Some were sick, near death, unable to eat. They cried to the Lord who sent his word and healed them (vv. 17-22).
Some were sailors in a mighty storm. They too cried to the Lord who stilled the storm to a whisper (vv. 23-32).
Let’s pray.
Our Lord, Psalm 107 tells our story.
We are lost in a desert of modern culture, working our computers, reading endless news, worrying about politics and wars, and chasing rabbit trails on social media. In this desert, we are thirsty for truth, thirsty for life, thirsty for news of eternity. Lead us through our wilderness to a city we can call home, to a new Jerusalem where you will live with us.
We have been prisoners, chained to our narrow thinking and constricted theology, not sure how to understand evolution and the Big Bang and the expanding universe. We live in a world of decaying morals, where truth is despised and persons are measured by productivity and wealth. Bring us out of our prison into the light of Christ. May he take away our chains, reveal the shallowness of the things we trust, and establish us in his light and truth.
We are sin-sick, O Lord. Our lives are full of petty jealousy, endless selfishness, needless anxieties, daily sadness. We cry to you in our sickness, deliver us from ourselves, deliver us from our habits, deliver us to sing your praise and give you thanks.
We have been at sea. Our lives are like the Titanic, navigating confidently, heedless of storms and icebergs. O Lord, teach us wisdom on the sea of life.
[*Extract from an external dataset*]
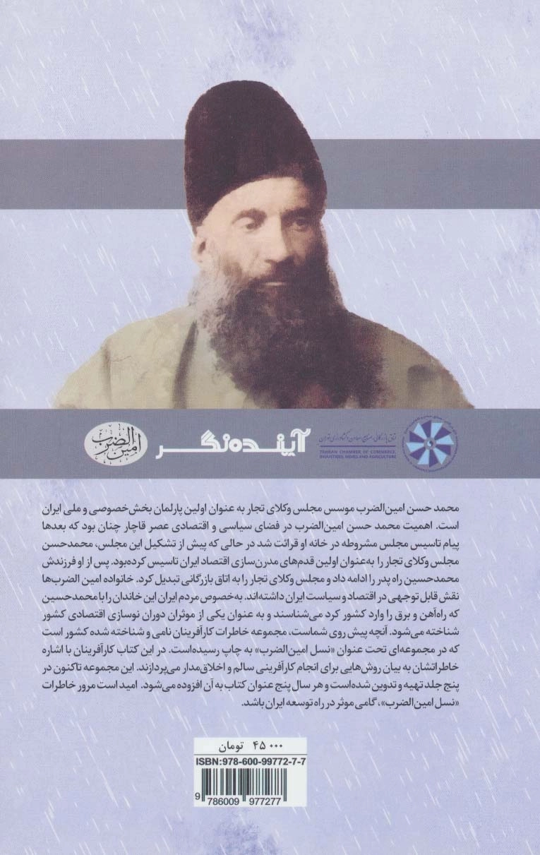 محمد حسن امین الضرب موسس مجلس وکلای تجار به عنوان اولین پارلمان بخش خصوصی و ملی ایران است. اهمیت محمد حسن امین الضرب در فضای سیاسی و اقتصادی عصر قاجار چنان بود ک بعدها پیام تاسیس مجلس مشروطه در خانه او قرائت شد در حالی که پیش از تشکیل این مجلس، محمد حسن مجلس وکلای تجار را به عنوان اولین قدم های مدرن سازی اقتصاد ایران تاسیس کرده بود. پس از او فرزندش محمد حسین راه پدر را ادامه داد و مجلس وکلای تجار را به اتاق بازرگانی تبدیل کرد. خانواده امین الضرب ها نقش قابل توجهی در اقتصاد و سیاست ایران داشته اند. به خصوص مردم ایران این خاندان را با محمد حسین که راه آهن و برق را وارد کشور کرد می شناسند و به عنوان یکی از موثران دوران نوسازی اقتصادی کشور شناخته می شود. آنچه پیش روی شماست، مجموعه خاطرات کارآفرینان نامی و شناخته شده کشور است که در مجموعه ای تحت عنوان نسل امین الضرب به چاپ رسیده است. در این کتاب کارآفرینان با اشاره خاطراتشان به بیان روش هایی برای انجام کارآفرینی سالم و اخلاق مدار می پردازند. این مجموعه تاکنون در پنج جلد تهیه و تدوین شده است و هر سال پنج عنوان کتاب به آن افزوده می شود. امید است مرور خاطرات «نسل امین الضرب» گامی موثر در توسعه ایران باشد.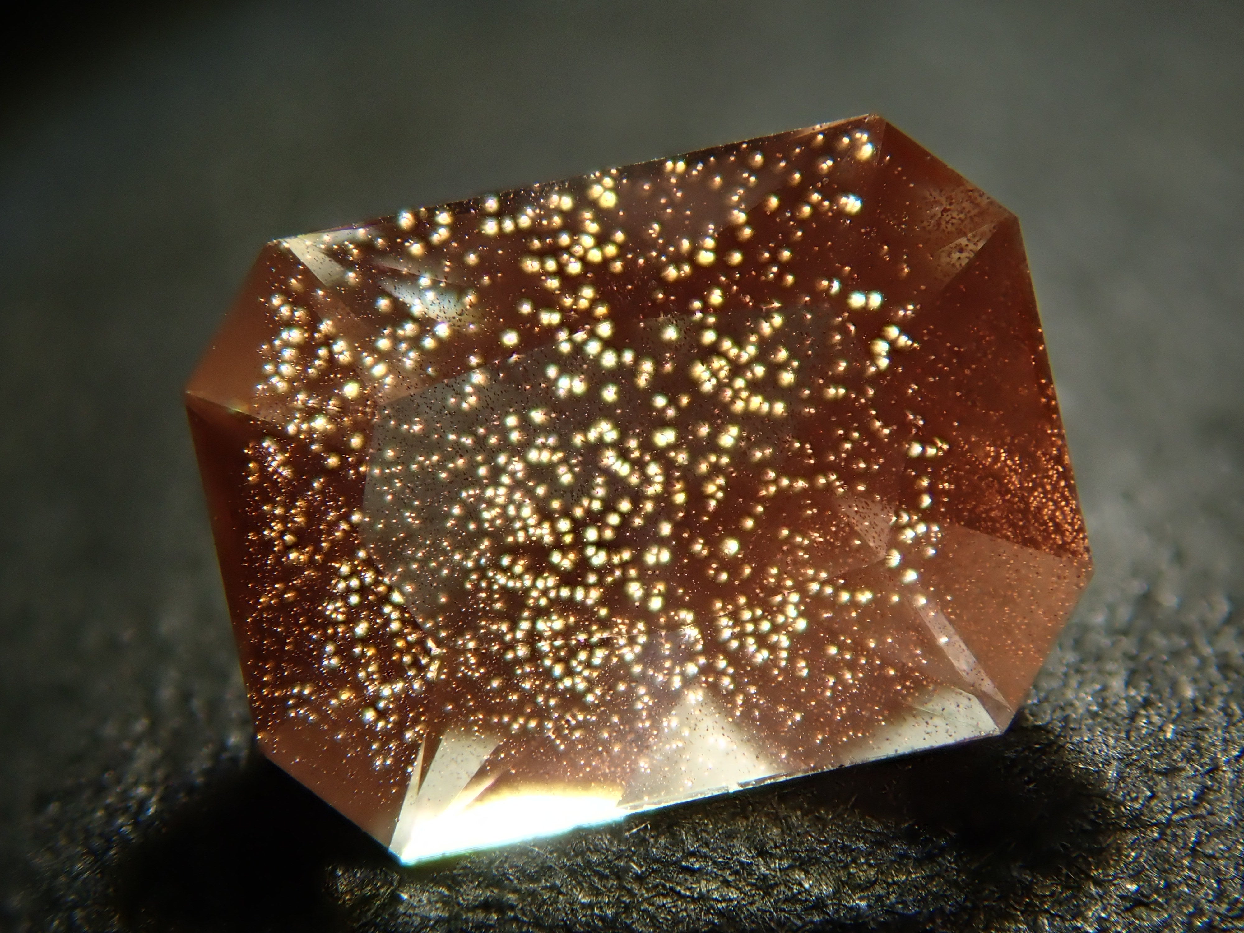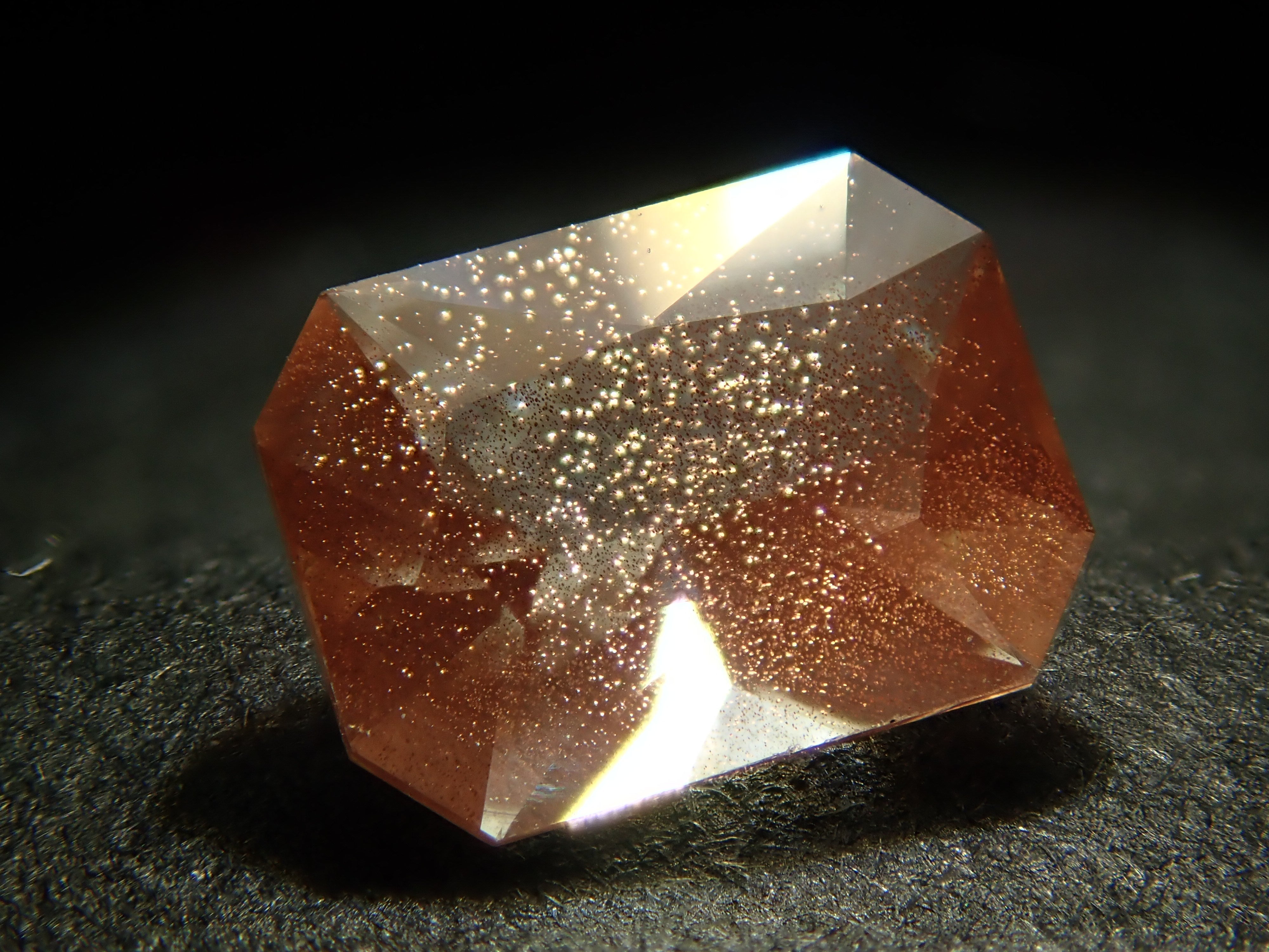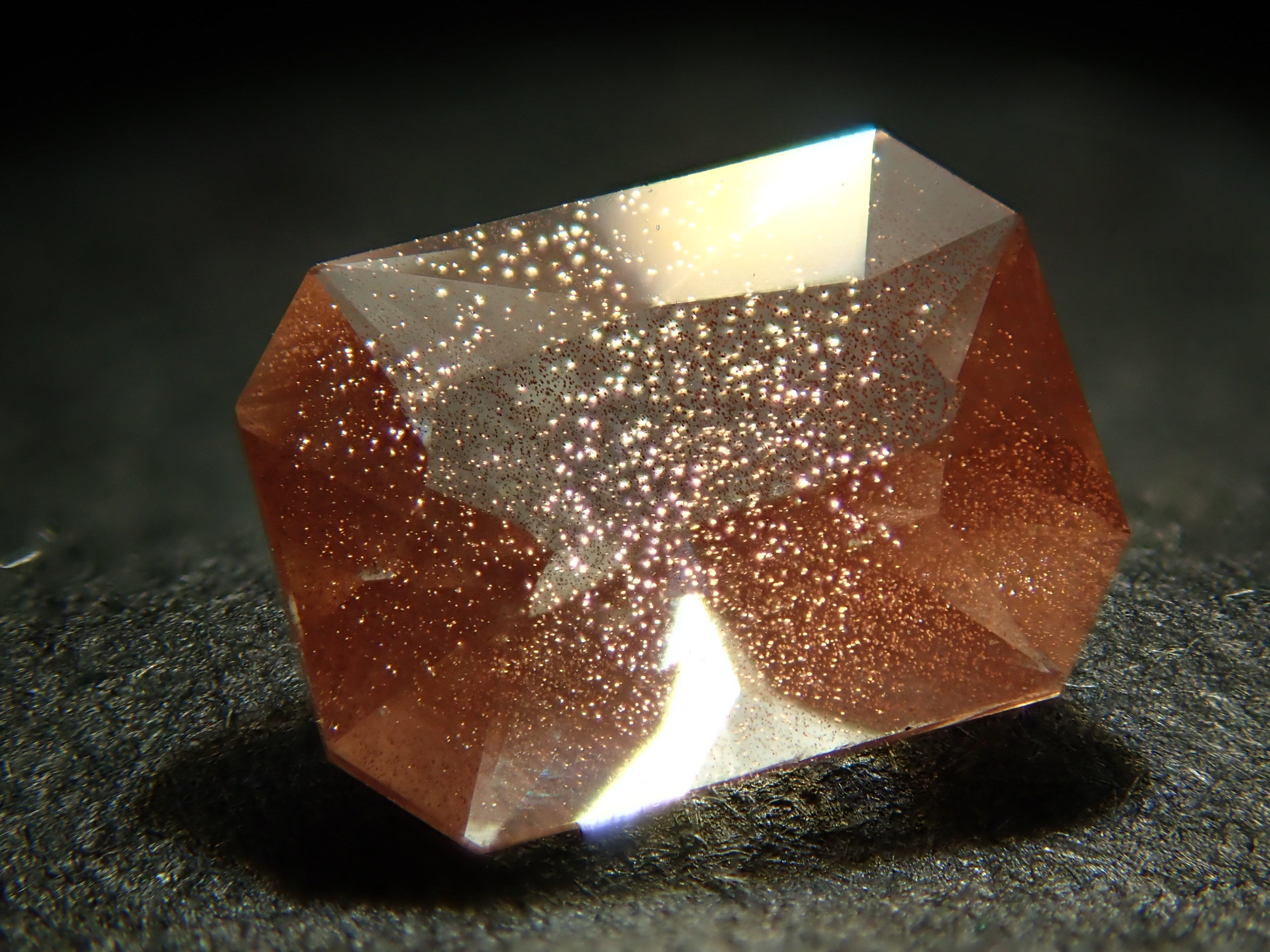 Oregon Sunstone is said to be the most beautiful labradorite in the world. It is a stone that has become increasingly popular in recent years. There are types of stones where the inclusions in the stone reflect like glitter, a phenomenon called aventurescence (Schiller effect). In order to properly convey these optical effects, a penlight is used for photography.

Teach us temperance. Teach us to put our trust in you. Be our navigator. Pilot us safely to harbor.
With the poet, we praise you:
We give thanks to you for your unfailing love,
for your wonderful deeds for mankind.
You turn our desert into pools of water,
our parched ground into flowing springs (vv. 31, 35).
You poured contempt on the nobles
and made them wander in a trackless waste.
But you lifted the needy out of affliction
and increased the families like flocks.
We see and rejoice in your works, O Lord (vv. 40-42a).
Amen.
I’m Daniel on the channel “Pray with Me”.